Of course, this is not an appropriate way to generate self-worth. Instead of raising yourself up and investing in your own spiritual and existential growth, you instead drag someone else down. In both scenarios, you appear to have achieved success, but only one is real, only one is genuine, only one is lasting. When you put someone down, you may appear to have achieved success, but you have gained nothing. You are left only with a fleeting, false sense of ego, pervasive disconnect, and the resulting lack of personal growth.
The other corruption of speech is lying. Unlike lashon hara, which uses truth to create disconnect, lying is fabricating your own truths. Speech gives a person the ability to express his inner world, to genuinely connect with another through sharing inner consciousness, expressed outwards through speech. When a person shares a lie, the other person thinks that he has connected with you, that he knows something from within your inner world, that you have bequeathed a piece of your very self to him. In truth, however, all he has is the lie you have fed him. Speech is the mechanism of expressing internal truth outwards, lying is a manipulation and misuse of the very purpose of speech.
Interestingly, the Hebrew word for connection is "kesher," and, not coincidentally, the Hebrew word for a lie is "sheker"; the exact same letters, scrambled. Lies corrupt the potential for genuine connection. Sheker (falsehood) takes the potential for connection and twists it into disconnect and falsehood. While the listener thinks he is connecting to you, nothing could be further from the truth.
We can now understand why the punishment for speaking lashon hara is temporary isolation. The person who spoke lashon hara disconnected people from each other. As a result, he now becomes disconnected from everyone. He misused the organ which helps free one from the isolated prison of one’s inner world; as a result, he now becomes isolated in his own inner world, separated from everyone in his life, incapable of any communication and connection with the rest of Klal Yisrael. This punishment is not only punitive in nature, it is reformative as well. This time in isolation gives him the opportunity to contemplate his past failures, helping him truly understand the pain of isolation and disconnect, and hopefully motivating him to create connection and harmony going forward.

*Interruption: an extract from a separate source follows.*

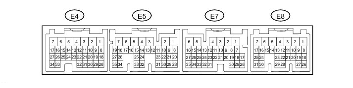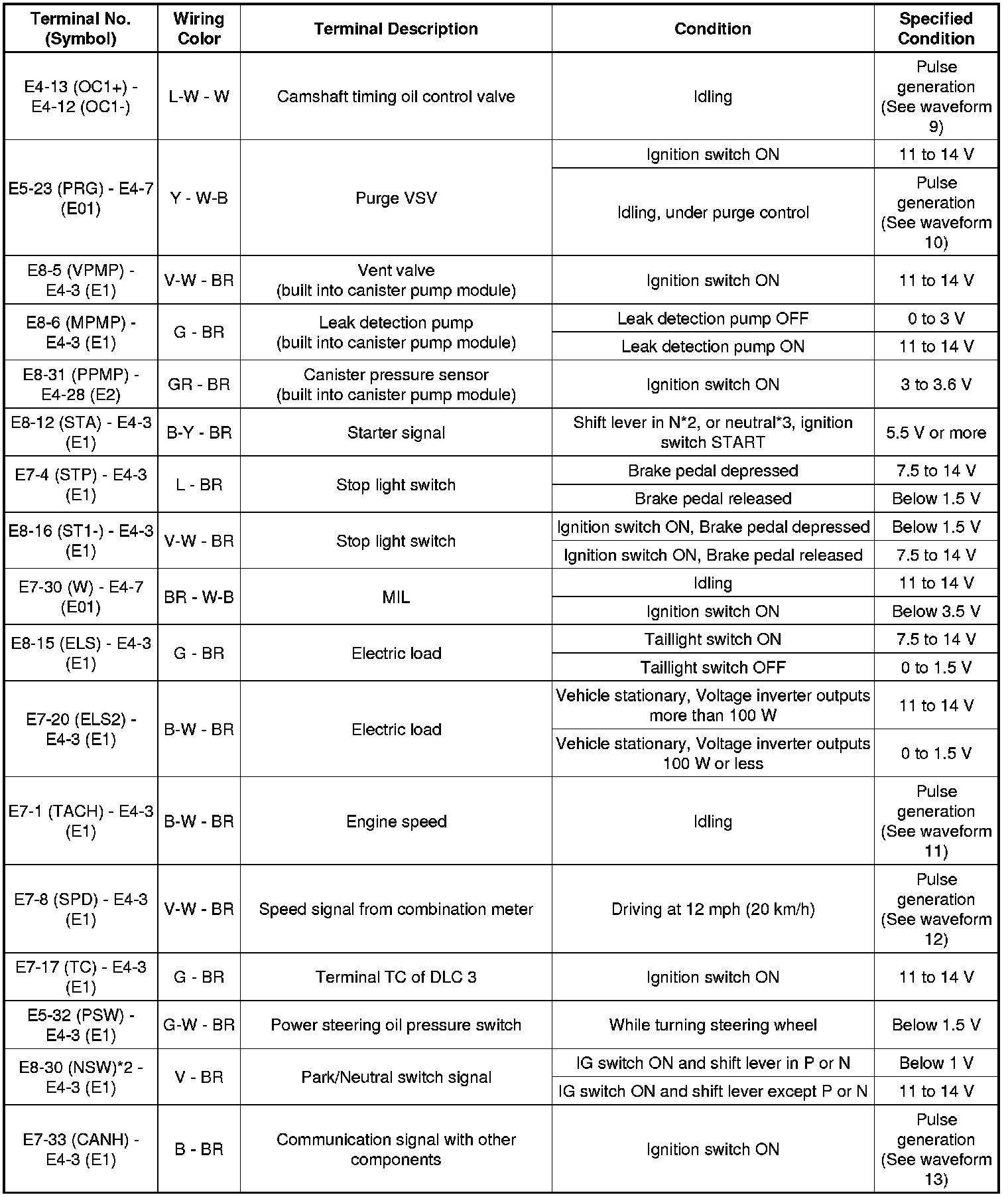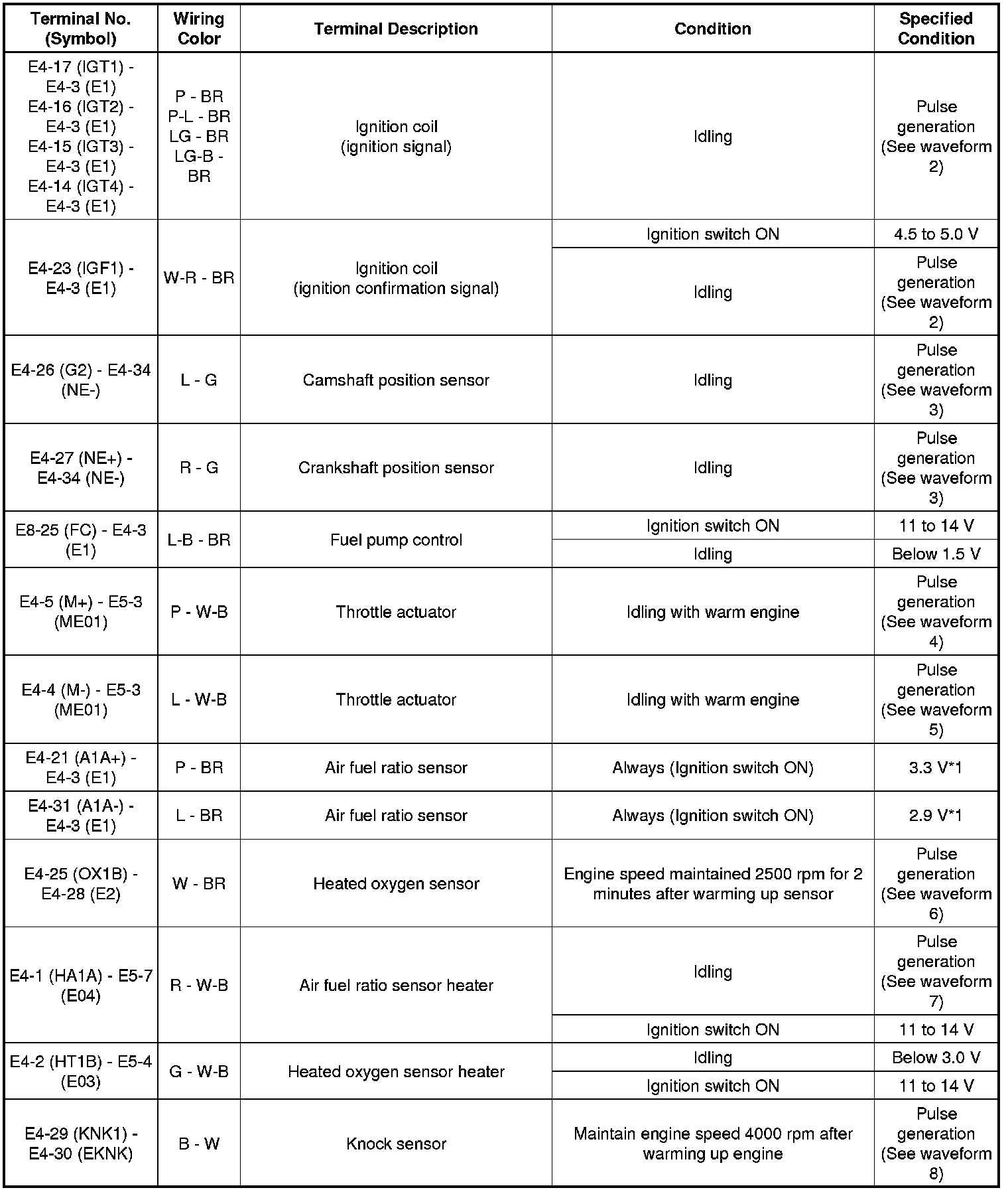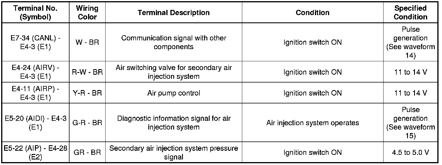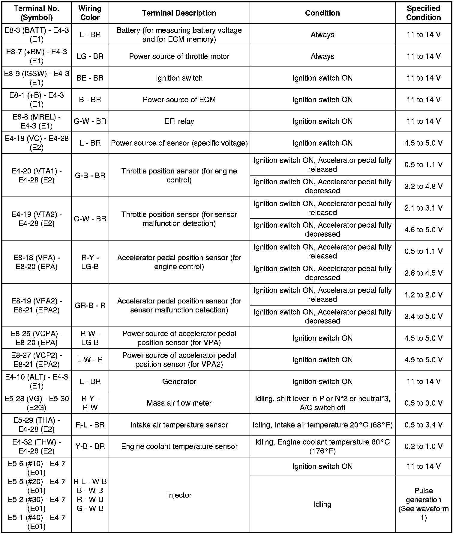 The standard normal voltage between each pair of ECM terminals is shown in the table below. The appropriate conditions for checking each pair of terminals are also indicated. The result of checks should be compared with the standard normal voltage for that pair of terminals, displayed in the Specified Condition column. The illustration above can be used as a reference to identify the ECM terminal locations.

Speech is powerful. It's a tool of connection, communication, and expression. You can tell a lot about someone by listening to what they talk about. As the saying goes, small minds discuss people, average minds discuss events, and great minds discuss ideas. Speech can be used to tear people apart, destroy relationships, and pass the time, but that is not the path to greatness. We can use speech to bridge the walls between us, to discuss the loftiest ideas and ideals of life, and to gain a higher sense of clarity and connection with both the people around us and our inner selves. When we speak, we share our souls with the universe, we express what we value, and in doing so, we also tell the world “this is how I use my gift of speech.” May we be inspired to harness the full potential of our ability to speak and use speech in order to build genuine connection, understanding, and oneness.

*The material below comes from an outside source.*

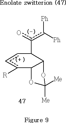 Tidwell40,41 has proposed that the reaction of cis- isopropylidene-cyclohexadienes ( e.g. 12, 35-38 ) with diphenylketene 29 , and the thermal isomerisation reactions of the resultant adducts, probably occur by an ionic mechanism involving the zwitterionic intermediate 47 . See also Reference 51 .

 Midvar sheker tirchak (Shemos 23:7).
 In order to harm them.
 See chapter on Parshas Tzav.
 For a slightly more expanded version of this paragraph, see chapter on Parshas Tzav, section: “The Power of Speech.”
 Again, see chapter on Parshas Tzav.
 This desire is rooted in the fact that we were created b’tzelem Elokim, the fact that we are -in truth- Godly, and that we are each destined to achieve our own unique greatness. Self-worth and confidence is not bad; it only distorted self-perception, ego, and haughtiness that serve as a problem.